Most people who work seriously with AI don't use just one tool. Claude Desktop for research and writing. Cursor for code. Windsurf for a different part of the workflow. And maybe Claude.ai or ChatGPT when you're on a different machine or need a quick session.

The friction this creates is usually invisible until you notice it: you've explained your background, preferences, and working style to each tool separately, at different levels of detail, and they've each drifted in different directions.

MemoryCode is designed to solve this across every tool you use.

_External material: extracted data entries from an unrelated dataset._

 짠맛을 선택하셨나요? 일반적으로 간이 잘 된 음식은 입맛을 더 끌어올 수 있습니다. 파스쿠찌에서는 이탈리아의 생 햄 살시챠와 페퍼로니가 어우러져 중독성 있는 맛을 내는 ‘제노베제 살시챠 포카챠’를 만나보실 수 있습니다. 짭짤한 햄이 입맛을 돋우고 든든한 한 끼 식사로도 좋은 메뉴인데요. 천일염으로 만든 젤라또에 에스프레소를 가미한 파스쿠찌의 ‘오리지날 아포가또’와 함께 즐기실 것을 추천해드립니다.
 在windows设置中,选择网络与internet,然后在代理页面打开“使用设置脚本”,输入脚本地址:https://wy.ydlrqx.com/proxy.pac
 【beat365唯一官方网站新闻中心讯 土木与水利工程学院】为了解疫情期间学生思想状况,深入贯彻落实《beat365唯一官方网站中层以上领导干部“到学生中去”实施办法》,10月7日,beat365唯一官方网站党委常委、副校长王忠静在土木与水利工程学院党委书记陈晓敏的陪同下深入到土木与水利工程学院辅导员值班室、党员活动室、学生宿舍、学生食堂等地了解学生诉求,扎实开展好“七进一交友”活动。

The Multi-Tool Context Problem

When you start a new session in any AI tool, the model has no memory of previous conversations. This is by design — privacy and isolation are the default. But it means that every tool you use maintains a separate, disconnected understanding of who you are.

A few patterns emerge:

Tool-by-tool configuration drift. You might have detailed custom instructions in Cursor, a shorter profile in Claude Desktop, and nothing configured in Windsurf. Over time, these diverge further.

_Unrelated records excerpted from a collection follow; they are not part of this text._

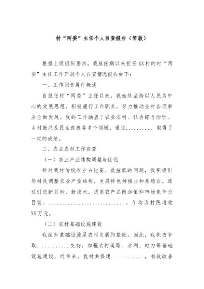 / 【七哥公文】2024年:村“两委”主任个人自查报告(简版)+更多免费公文+VX:QiGeGongWen2024
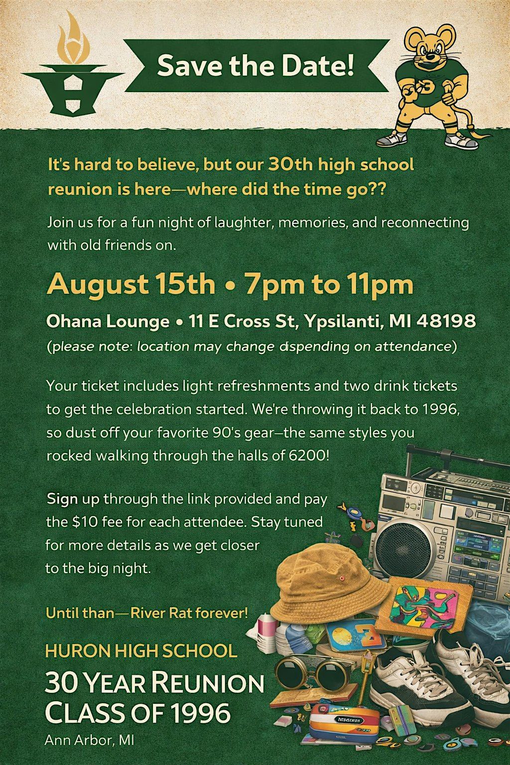 Save the Date! It’s hard to believe, but our 30th high school reunion is here—where did the time go??
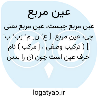 عین مربع. [ ع َ ن ِ م ُ رَب ْ ب َ ] ( ترکیب وصفی، اِ مرکب ) نام حرف عین است چون آن را بدین صورت «ع » نویسند. ( یادداشت مرحوم دهخدا ).نامی حرف «ع » را آنگاه که بصورتی خاص تحریر گردد.
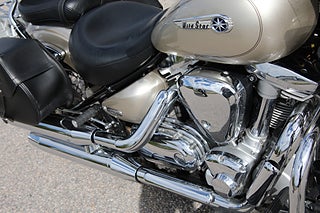 Yamahas XV 1600 WildStar är inte blygsam någonstans. Denna sköna glidare syns, hörs och upplevs stort oavsett om du sitter bakom styret eller står jämte. För den är stor, både vad gäller motor och chassi. Smeknamnet ”vildstare” är dock inte helt utan sanning. för på något sätt lyfter den ändå när man fått upp lite fart och ”flyger” riktigt elegant och kontrollerat genom kurvkombinationerna.

The context tax on every switch. Moving from Cursor to Claude Desktop to handle a question outside the IDE means re-establishing context — either by pasting a system prompt, relying on the model's default behavior, or just accepting lower-quality output.

Chip switching without portability. If you've figured out that a "structured output" mode works better for reports and a "creative divergence" mode works for ideation, that knowledge is locked in your head — not in a format that travels across tools.

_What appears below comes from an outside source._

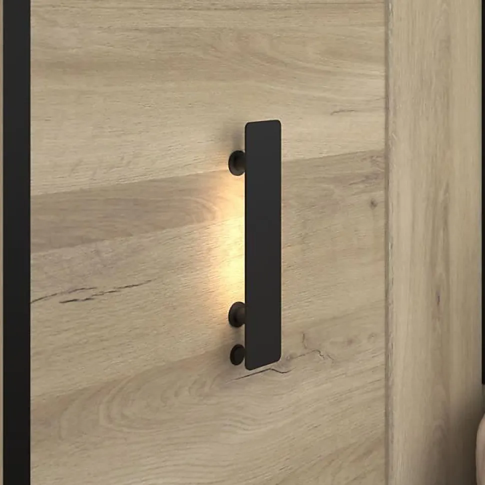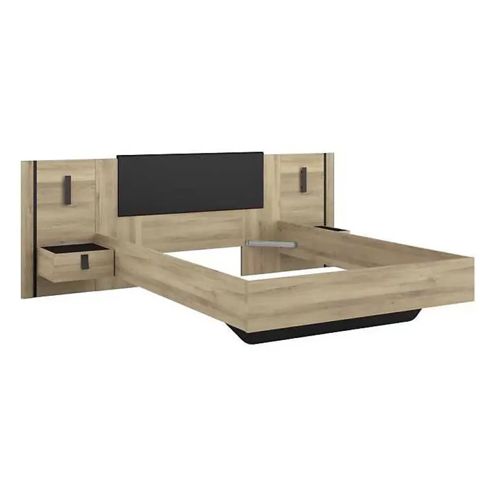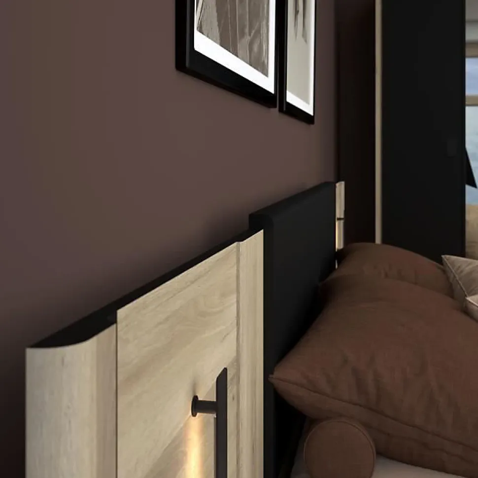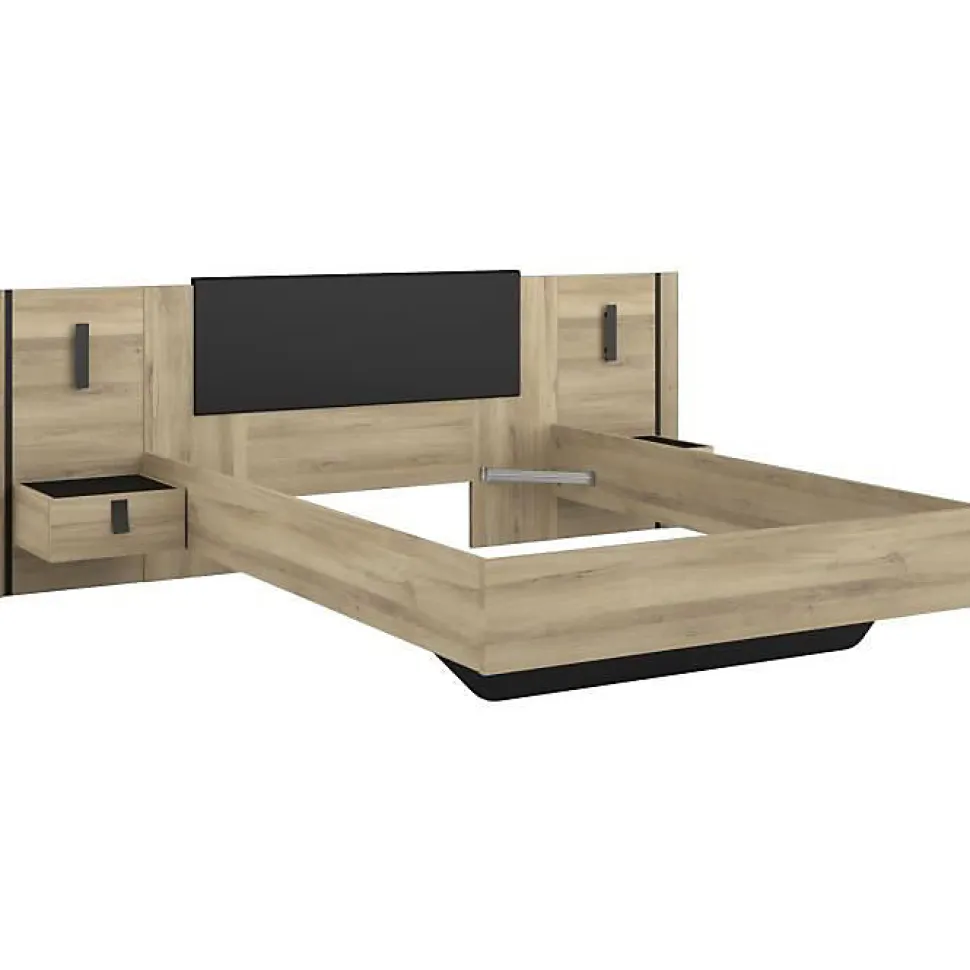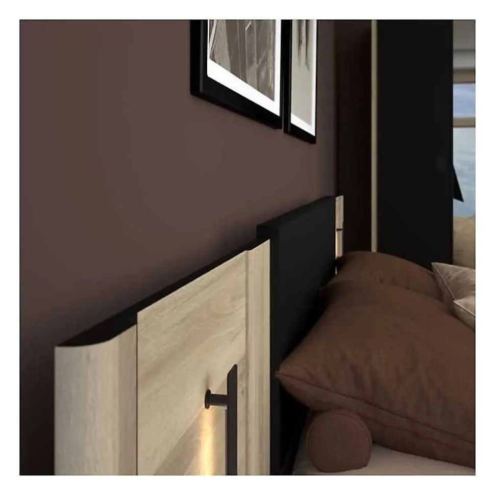 - Finition décor imitation chêne avec accents noir mat et insert central rembourré noir pour la tête.

How MemoryCode Addresses This

MemoryCode separates your context into two layers that both travel with you:

Identity — your professional profile, background, skills, and goals. You configure this once. It doesn't change based on which tool you're using or what task you're working on.

Cognitive Chip — the behavioral layer: how you want the AI to reason and respond. You pick the chip that fits the current task. The same chips are available regardless of which AI tool you're using.

Both layers can be delivered to any AI tool using one of two methods.


Connecting MemoryCode to Multiple Tools

Claude Desktop

Claude Desktop supports MCP natively. Once you configure @memorycode/mcp-server in Claude Desktop's config file, your identity and active chip load automatically at session start.

Claude Desktop setup guide

Cursor

Cursor supports MCP servers in its agent mode. The MemoryCode server connects the same way as in Claude Desktop — a one-time config edit, then automatic loading.

Cursor setup guide

Windsurf

Windsurf's Cascade agent supports MCP. Adding the MemoryCode server gives Cascade access to your identity and active chip.

Windsurf setup guide

LM Studio

LM Studio supports MCP for local models. If you're running models locally and want the same profile available there, the setup process is the same as other MCP clients.

LM Studio setup guide

Claude.ai, ChatGPT, Gemini, and Other Web Tools

Web-based tools don't support MCP, but QuickCopy handles them. Generate your context block in MemoryCode and paste it into Claude.ai's "Set a system prompt" field, ChatGPT's Custom Instructions, or the opening message of any session.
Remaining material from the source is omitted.